The appearance of shekel coins happened very gradually, and the first step was the adoption of silver for the balancing of payments, from about 2400 B.C. Nonperishable materials like metals have a very long history in trade and exchange. They were not as prone to decay as items such as grain, and their supply did not fluctuate seasonally. After the invention of coins in the seventh century B.C. the shekel became synonymous with a number of silver coinages in the Near East: coins were, after all, merely weighed and stamped pieces of metal.

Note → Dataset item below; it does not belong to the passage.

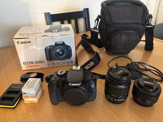 Cámara digital Canon EOS 600D con accesorios. - Cuerpo de cámara Canon EOS 600D. - Objetivo Canon EF-S 18-55mm. - Objetivo Canon EF 50mm. - Bolso de cámara. - 2 Cargadores de batería (original + USB) - 3 Baterías. - Disparador La camara y objetivos tienen varias marcas de uso pero funciona todo a la perfeccion. Pantalla abatible. Foto y video. Recogida en mano en Madrid o envíos por wallapop. No leer: compacta Rebel T3i, Cámara Reflex, DSLR, Cámara digital, Canon 550D, 650D, 700D, 750D, 800D, 2000D, 4000D, 1300D, 1200D, Nikon D3100, D3200, D3300, D5100, D5200, Sony Alpha, Full HD, 1080p , Vlogging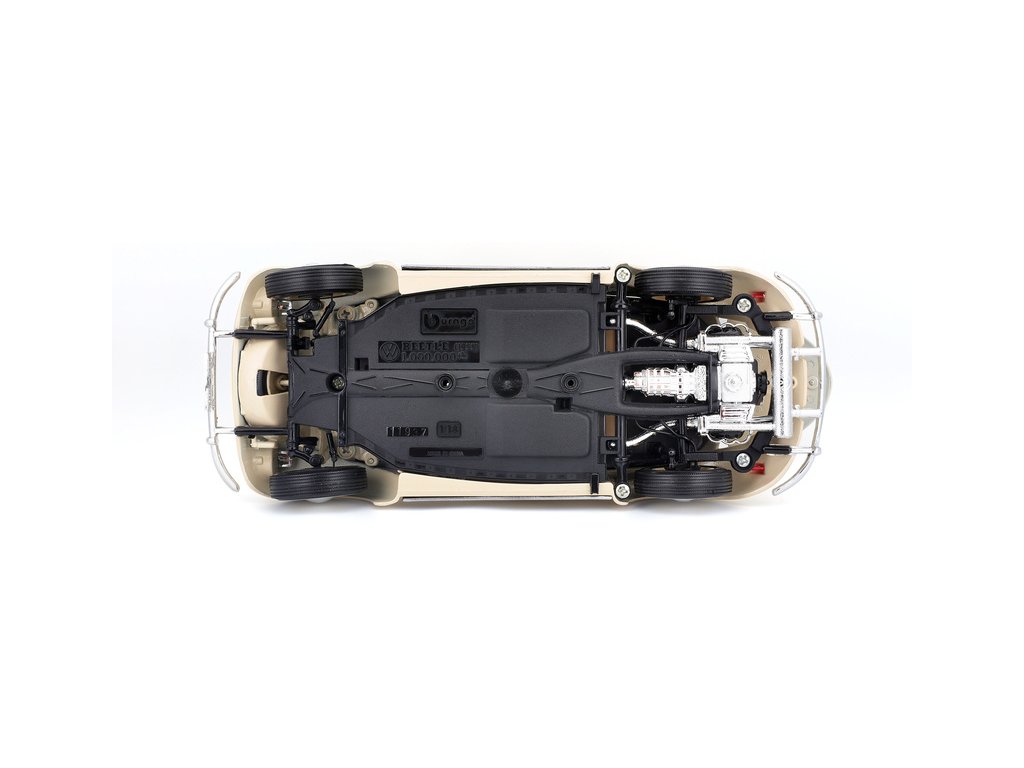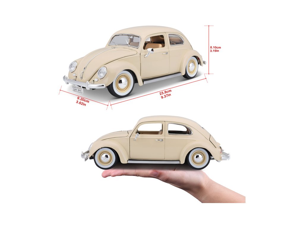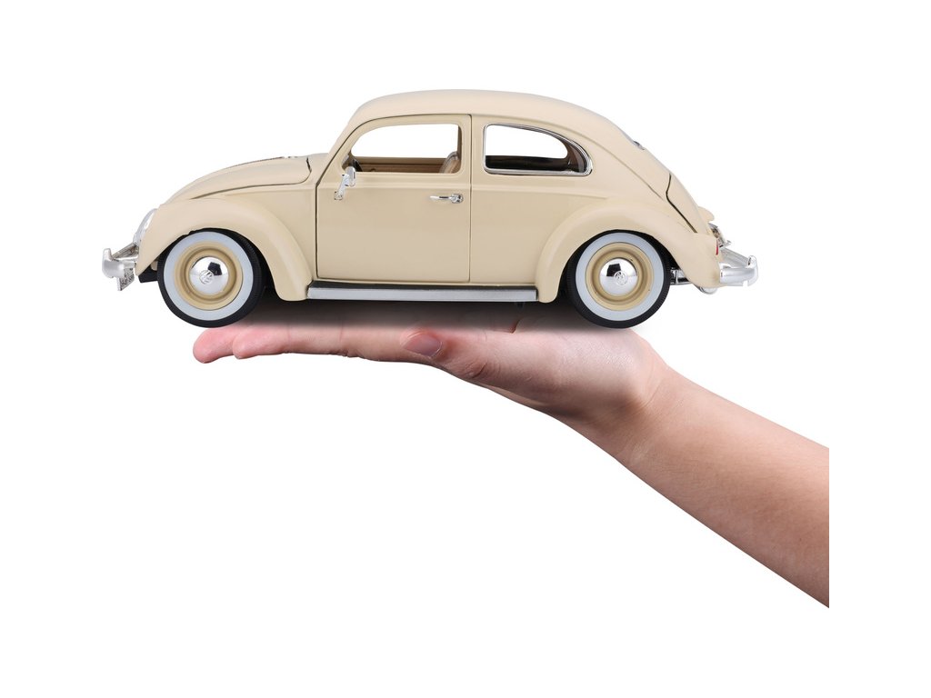 Kovový model Bburago Volkswagen Kafer Beetle 1955 v měřítku 1:18 nejen pro sběratele. Detailní provedení, přívětivá cena, barva béžová, délka přibližně 24 cm.

The Persian province of Judaea, for which the shekel would later become especially symbolic, did not begin producing its own coins until the fourth century B.C. Instead it imported silver coins mainly from the West, and it is likely that these coins were referred to as shekels, or divisions of shekels in the local Semitic languages, regardless of their original names.
A unique quarter shekel in the British Museum depicts a bearded deity sat on a winged chariot. Its inscription, it is supposed, is YHD, a monogram for “Yehud,” but it could also be interpreted as “YHW” or “YHR,” meaning “Yahweh,” or God. This could be controversial since the Second Commandment of the Hebrew Bible states that “thou shalt make no graven images of anything in heaven or on earth.” It is possible, however, that the coin was initially produced at Gaza, a pagan city. If true, then the featured deity is only one among a vast pantheon of gods that existed across the region, and the controversy is averted.
The Phoenician coastal city of Tyre, in modern Lebanon, became a particularly important coin producer because the silver in its shekels was exceptionally pure, and so they became the coin of choice for paying the half shekel Temple tribute obligatory for Jewish men. The solicitation of this tax even forms the basis for one of Jesus’ miracles, which begins with tax collectors visiting him and Peter on the Sea of Galilee demanding that tribute be paid (Matthew 17:27). They have no money, so Jesus tells Peter to throw a line into the sea and to open the mouth of the first fish he catches. Peter obeys and finds a shekel, translated into “stater” for the Greek-speaking readers of the New Testament, in the mouth of the fish.
The First Jewish Revolt of A.D. 65 to 70 transformed the shekel into a potent symbol of political defiance. The rebels minted shekels, half-shekels and quarter-shekels in Jerusalem during the war. Featuring the Omer cup and three pomegranates, their imagery was closely related to Jewish religious practice. Significantly, these were the first coins specifically to have the denomination “shekel” inscribed upon them.
In coinage terms, the shekel’s story might have ended in A.D. 70 with the defeat of the rebels and fall of Jerusalem to the Romans. Yet it received an unexpected 20th century revival with the announcement, in 1969, by Israel that its greatly devalued Israeli pound was to be replaced by the shekel, or sheqel. New notes and coins finally appeared in 1980.
As Israel’s finance minister said, by adopting the sheqel Israel was “returning to its roots.” The new coins even featured the Omer cup in reference to the shekels of the First Jewish Revolt. Its revival as a currency in the 20th century provides perhaps an odd coda for a term that came into existence 5,000 years ago, but it reflects the shekel’s multilayered history: beginning as a practical solution to help standardize accounting, it developed into a symbolic representation of historic continuity for the people of Israel.